Challenge
Discovering new quantum algorithms is an exceptionally difficult challenge due to the number of potential quantum operations and is highly counterintuitive for human researchers to navigate. U.S. leadership in the emerging quantum computing revolution will require accelerating the design and development of quantum algorithms (including those that capitalize on the convergence of classical HPC, AI, and quantum computers) that demonstrate scientific utility and a provable quantum advantage.
AI Solution
Novel AI could discover new quantum algorithms by automating and optimizing their design and translating them into applications without requiring prior domain knowledge. Furthermore, AI-powered platforms can translate high-level problem descriptions in natural language into executable quantum circuits, making algorithm design more accessible to researchers from various fields. AI could help establish scientific workflows that leverage the interplay of classical and quantum resources, managing data flow and executing complex computations across platforms.
Justification
There is strong evidence that quantum computers and algorithms will offer solutions to computational problems with high impact to the scientific community, beyond the limits of classical HPC and AI. DOE hosts the most complete suite of scientific computing capabilities and these advances in quantum capability will enable computations that are classically intractable.
National Impact
The discovery of new quantum algorithms will have broad applications to science domains, such as fusion sciences, high energy physics, nuclear physics, materials science, and chemistry, with proposed commercial applications for the acceleration of drug, material, and chemical discovery. This technological leap would not only bolster the nation’s economy and security but also provide tools to address some of the most challenging scientific and societal problems.

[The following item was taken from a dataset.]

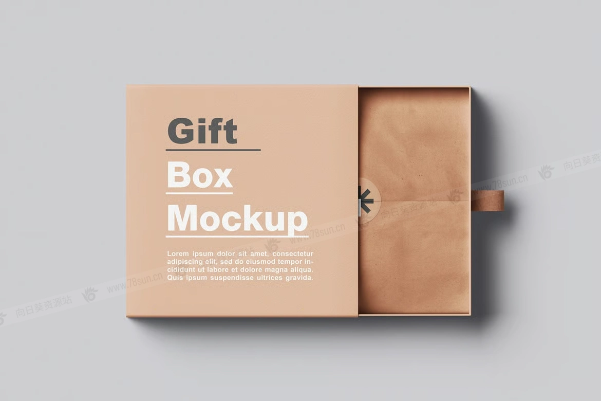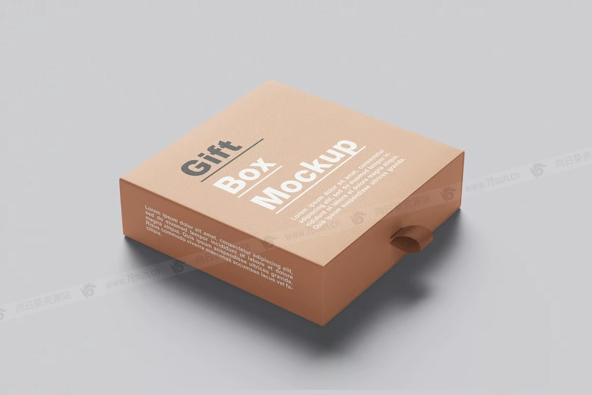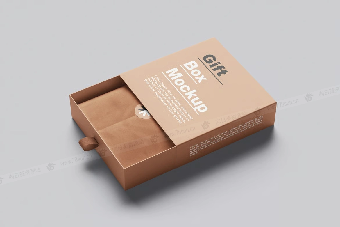 滑盒滑动抽屉礼品纸盒子品牌VI效果图展示智能贴图psd设计样机,这个模型包含4个带有分层良好的PSD文件,并且还采用了智能对象功能,这意味着你可以在几秒钟内轻松快速地用自己的设计替换当前设计。

Aligned Actions from the National Laboratories
Speeding Up Essential Groundwork for Quantum Computing
National Challenge: Discovering Quantum Algorithms with AI
Leading Lab: Pacific Northwest National Laboratory
Quantum computers have the potential to dramatically accelerate complex calculations, but inefficient data preparation remains a major bottleneck to achieving quantum advantage. To meet this national challenge, Pacific Northwest National Laboratory developed “Picasso,” an AI-enabled parallel algorithm that uses classical computing to efficiently prepare data for quantum systems. By leveraging AI-augmented graph coloring to optimize how quantum workloads are grouped, Picasso can process problems of unprecedented scale—handling millions of Pauli strings in minutes and one trillion-plus relationships while using modest GPU memory. This advance significantly expands the class of problems that can be explored with quantum algorithms, accelerating progress toward practical quantum computing.